KMP Algorithm: String Pattern Matching

String pattern matching is one of those fundamental problems that appears everywhere in software engineering. Every time you hit Ctrl+F in your text editor, run a grep command, or search through log...

Key Insights

  • The KMP algorithm achieves O(n+m) time complexity by preprocessing the pattern to build a failure function, eliminating the redundant character comparisons that plague naive string matching.
  • The failure function encodes the longest proper prefix that is also a suffix for each position in the pattern, allowing the algorithm to skip ahead intelligently when mismatches occur.
  • While built-in string methods are fine for simple cases, understanding KMP becomes essential when dealing with streaming data, multiple pattern occurrences, or performance-critical text processing.

Introduction to Pattern Matching

String pattern matching is one of those fundamental problems that appears everywhere in software engineering. Every time you hit Ctrl+F in your text editor, run a grep command, or search through log files, you’re invoking pattern matching algorithms. Beyond the obvious use cases, these algorithms power DNA sequence analysis in bioinformatics, plagiarism detection systems, network intrusion detection, and the autocomplete features you use daily.

The core problem is straightforward: given a text of length n and a pattern of length m, find all occurrences of the pattern within the text. What makes this interesting is the dramatic difference between naive and optimized approaches. When you’re searching through gigabytes of log files or processing real-time network traffic, the difference between O(n*m) and O(n+m) isn’t academic—it’s the difference between a system that works and one that doesn’t.

The Naive Approach and Its Limitations

The brute-force approach to string matching is intuitive. Slide the pattern across the text one position at a time, comparing characters at each position until you find a mismatch or complete match.

def naive_search(text: str, pattern: str) -> list[int]:
    """
    Naive string matching with O(n*m) worst-case complexity.
    Returns list of starting indices where pattern is found.
    """
    n, m = len(text), len(pattern)
    matches = []
    
    for i in range(n - m + 1):
        j = 0
        while j < m and text[i + j] == pattern[j]:
            j += 1
        if j == m:
            matches.append(i)
    
    return matches

This works, but consider what happens when searching for “AAAB” in “AAAAAAAAAB”. At each starting position, we compare three ‘A’ characters successfully before failing on ‘B’. Then we shift by one position and repeat the same comparisons.
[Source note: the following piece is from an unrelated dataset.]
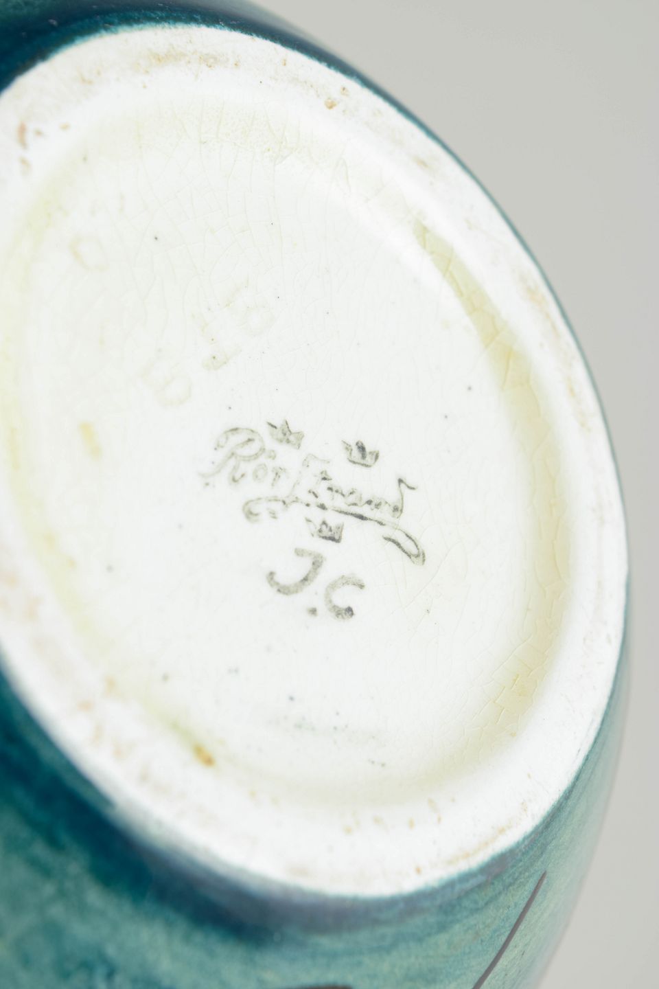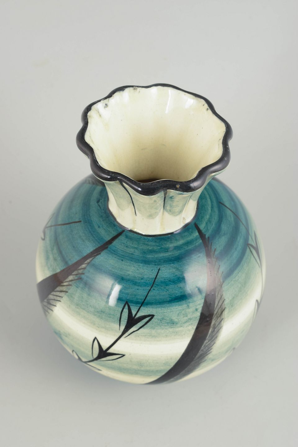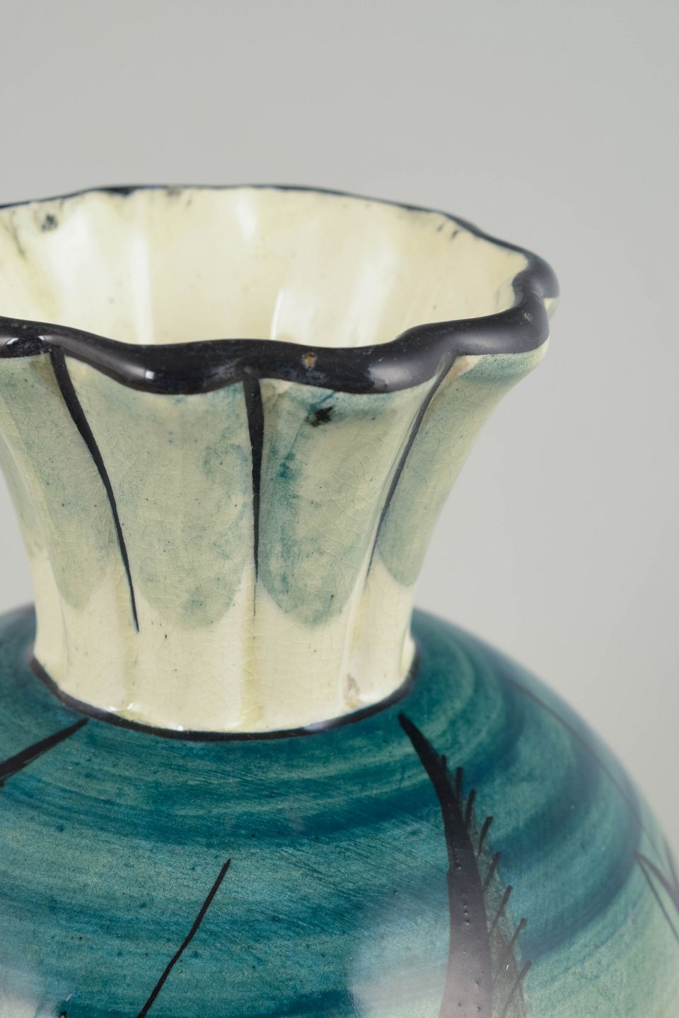 Art Deco-vase i fajance med balanceret, rund korpus og smal hals med let bølget rand. Dekoreret i karakteristiske blågrønne nuancer med stiliseret plantedekoration og fine penselstrøg, udført i den velkendte “Löja”-dekoration, udviklet i 1930’erne. Modellen fremstår som et klart eksempel på svensk Art Deco med inspiration fra naturformer og grafisk ornamentik.

We’re throwing away information we already gathered.

The worst case occurs with patterns like “AAAA…AB” in text like “AAAA…AAB”. For a text of length n and pattern of length m, we perform nearly n*m comparisons. When n and m are both large, this becomes prohibitively expensive.

The fundamental flaw is backtracking. When a mismatch occurs, the naive algorithm resets the pattern pointer to the beginning and moves the text pointer back, re-examining characters it has already seen.
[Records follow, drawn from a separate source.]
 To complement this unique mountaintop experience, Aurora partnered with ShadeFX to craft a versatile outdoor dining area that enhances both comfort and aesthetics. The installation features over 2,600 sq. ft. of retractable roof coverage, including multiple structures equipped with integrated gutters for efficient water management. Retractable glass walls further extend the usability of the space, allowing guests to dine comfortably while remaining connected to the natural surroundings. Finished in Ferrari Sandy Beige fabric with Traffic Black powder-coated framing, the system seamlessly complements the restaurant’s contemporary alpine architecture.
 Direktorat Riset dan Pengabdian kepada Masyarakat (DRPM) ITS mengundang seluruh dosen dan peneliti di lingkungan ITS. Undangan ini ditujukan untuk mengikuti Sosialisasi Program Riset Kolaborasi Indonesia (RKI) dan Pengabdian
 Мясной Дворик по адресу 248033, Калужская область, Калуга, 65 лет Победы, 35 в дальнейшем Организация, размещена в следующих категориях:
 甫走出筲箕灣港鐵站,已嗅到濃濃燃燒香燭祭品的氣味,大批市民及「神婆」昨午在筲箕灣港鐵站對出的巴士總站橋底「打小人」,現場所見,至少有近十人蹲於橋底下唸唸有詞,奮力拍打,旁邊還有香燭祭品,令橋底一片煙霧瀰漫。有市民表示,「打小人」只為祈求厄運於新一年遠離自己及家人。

The Key Insight: Failure Function

The Knuth-Morris-Pratt algorithm’s brilliance lies in a simple observation: when a mismatch occurs, the pattern itself contains information about where to resume matching. We don’t need to backtrack in the text at all.

The failure function (also called the prefix table or partial match table) preprocesses the pattern to answer this question: “If I’ve matched j characters and then hit a mismatch, what’s the longest proper prefix of the pattern that’s also a suffix of what I’ve matched?”
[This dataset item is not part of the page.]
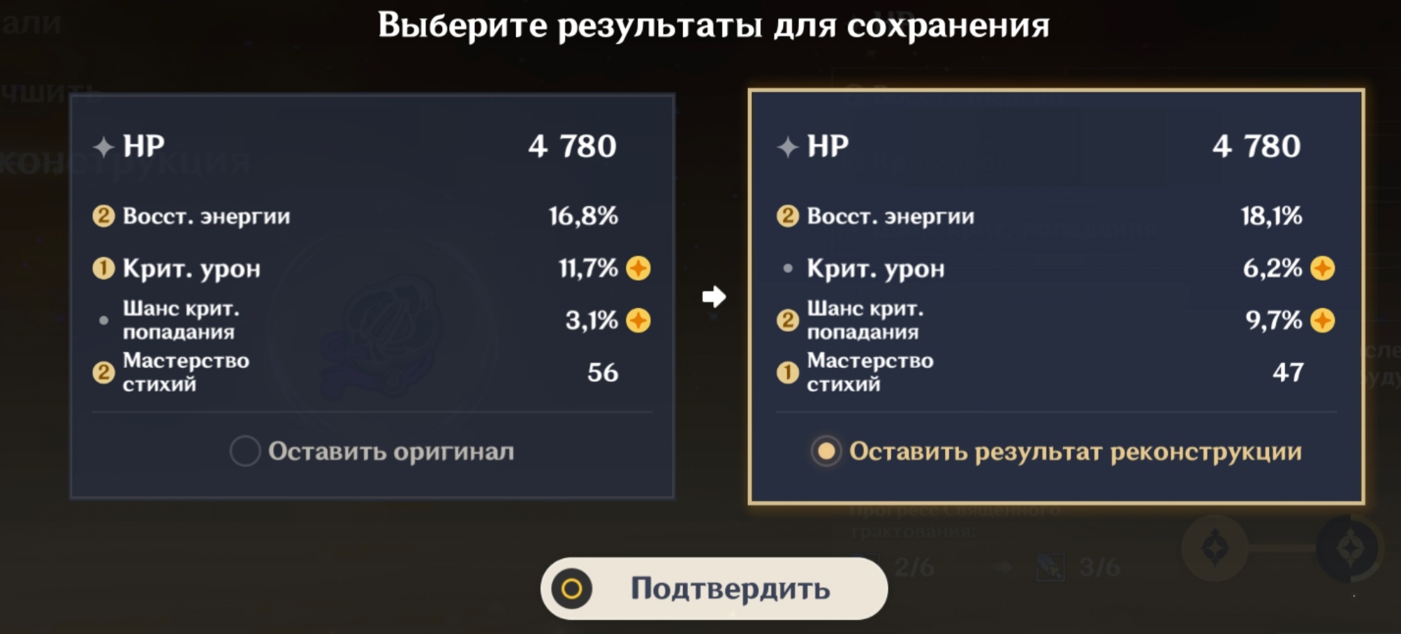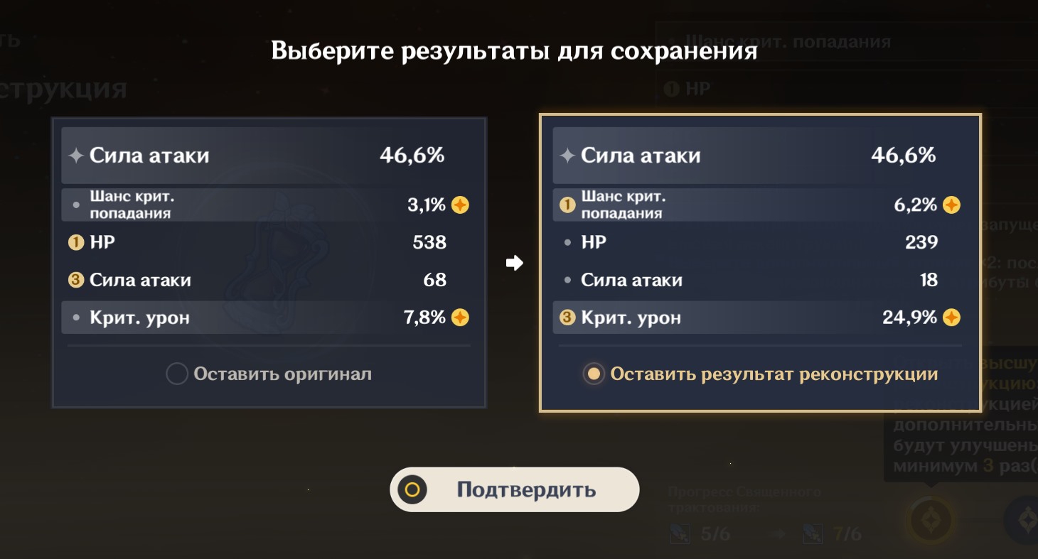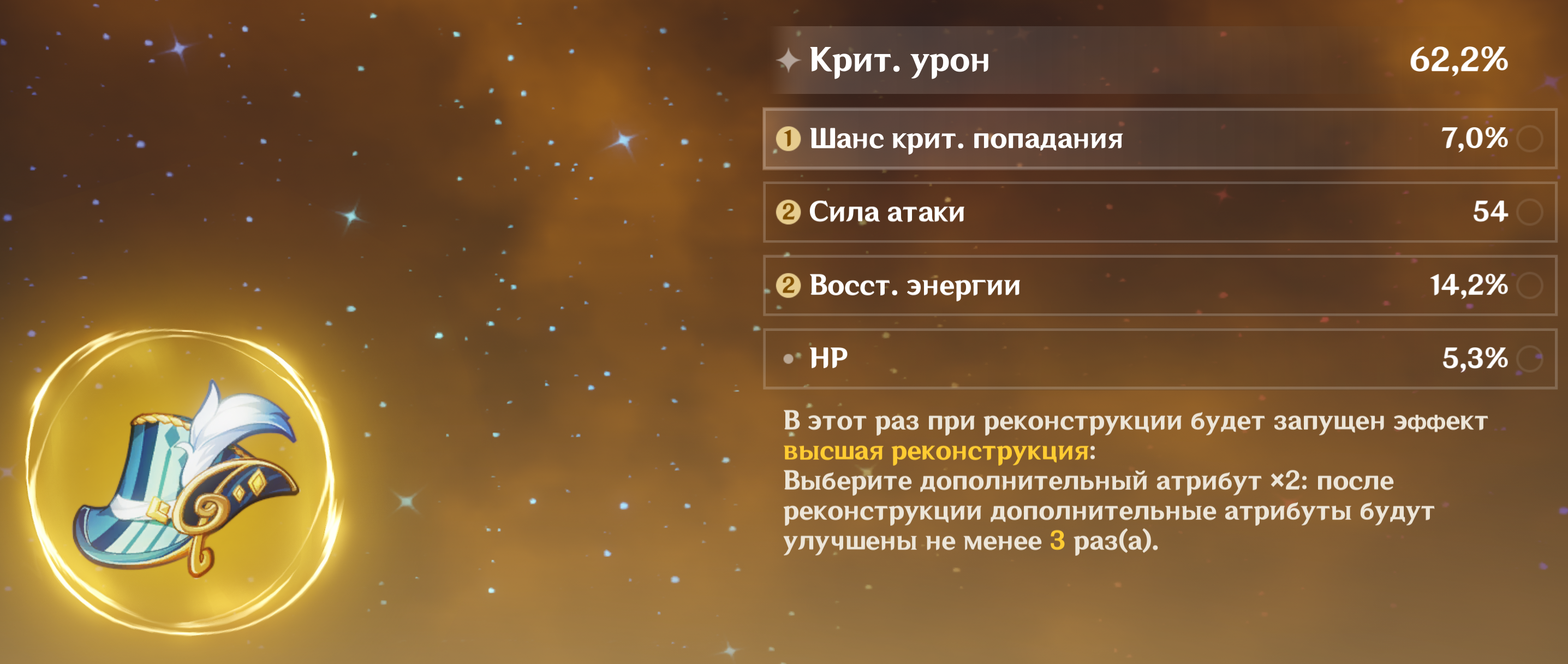 На что ни всрешь, все равно говно будет. Вы просто коупите, выбирая арт с идеальными сабстатами, чтобы не так обидно было, когда в %атк всрется, а не во флат атк.

A proper prefix is any prefix that isn’t the entire string. For the pattern “ABCABD”, if we’ve matched “ABCAB” and then fail on ‘D’, we notice that “AB” appears both at the start and end of “ABCAB”. We can slide the pattern forward so the prefix “AB” aligns with where the suffix “AB” was, resuming from there instead of starting over.

def build_failure_function(pattern: str) -> list[int]:
    """
    Build the failure function (prefix table) for KMP algorithm.
    
    failure[i] = length of longest proper prefix of pattern[0:i+1]
                 that is also a suffix of pattern[0:i+1]
    
    Time complexity: O(m) where m is pattern length
    """
    m = len(pattern)
    failure = [0] * m
    
    # length of the previous longest prefix suffix
    length = 0
    i = 1
    
    while i < m:
        if pattern[i] == pattern[length]:
            # We can extend the current prefix-suffix
            length += 1
            failure[i] = length
            i += 1
        elif length > 0:
            # Mismatch: fall back to shorter prefix-suffix
            # Key insight: use the failure function on itself
            length = failure[length - 1]
            # Don't increment i; retry with shorter length
        else:
            # No prefix-suffix exists
            failure[i] = 0
            i += 1
    
    return failure

Let’s trace through building the failure function for “ABABAC”:

Index Character failure[i] Explanation
0 A 0 Single char, no proper prefix
1 B 0 “AB” - no matching prefix/suffix
2 A 1 “ABA” - “A” is both prefix and suffix
3 B 2 “ABAB” - “AB” matches
4 A 3 “ABABA” - “ABA” matches
5 C 0 “ABABAC” - no match, fall back to 0

The failure function construction itself uses the failure function recursively—this is what makes it O(m) rather than O(m²).

KMP Algorithm Walkthrough

With the failure function built, the main algorithm never backtracks in the text. When a mismatch occurs at pattern position j, we use failure[j-1] to determine where to resume in the pattern.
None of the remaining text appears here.